- [Supplied information]
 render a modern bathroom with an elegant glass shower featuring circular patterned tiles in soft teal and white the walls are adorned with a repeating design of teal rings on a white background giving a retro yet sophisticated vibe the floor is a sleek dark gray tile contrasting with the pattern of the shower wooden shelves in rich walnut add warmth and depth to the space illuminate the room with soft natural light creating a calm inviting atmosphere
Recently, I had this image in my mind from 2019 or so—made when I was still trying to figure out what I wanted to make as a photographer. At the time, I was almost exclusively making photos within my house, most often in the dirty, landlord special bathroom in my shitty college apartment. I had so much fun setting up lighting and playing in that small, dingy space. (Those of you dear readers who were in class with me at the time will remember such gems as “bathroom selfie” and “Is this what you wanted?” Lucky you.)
==
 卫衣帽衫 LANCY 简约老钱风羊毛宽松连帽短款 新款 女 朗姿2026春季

- [Your goal] Taking the line with "render a modern" as the first and the line with "Recently, I had" as the last, retype that stretch of the data above exactly, with no other lines.

- [Completed exercise]
 render a modern bathroom with an elegant glass shower featuring circular patterned tiles in soft teal and white the walls are adorned with a repeating design of teal rings on a white background giving a retro yet sophisticated vibe the floor is a sleek dark gray tile contrasting with the pattern of the shower wooden shelves in rich walnut add warmth and depth to the space illuminate the room with soft natural light creating a calm inviting atmosphere
Recently, I had this image in my mind from 2019 or so—made when I was still trying to figure out what I wanted to make as a photographer. At the time, I was almost exclusively making photos within my house, most often in the dirty, landlord special bathroom in my shitty college apartment. I had so much fun setting up lighting and playing in that small, dingy space. (Those of you dear readers who were in class with me at the time will remember such gems as “bathroom selfie” and “Is this what you wanted?” Lucky you.)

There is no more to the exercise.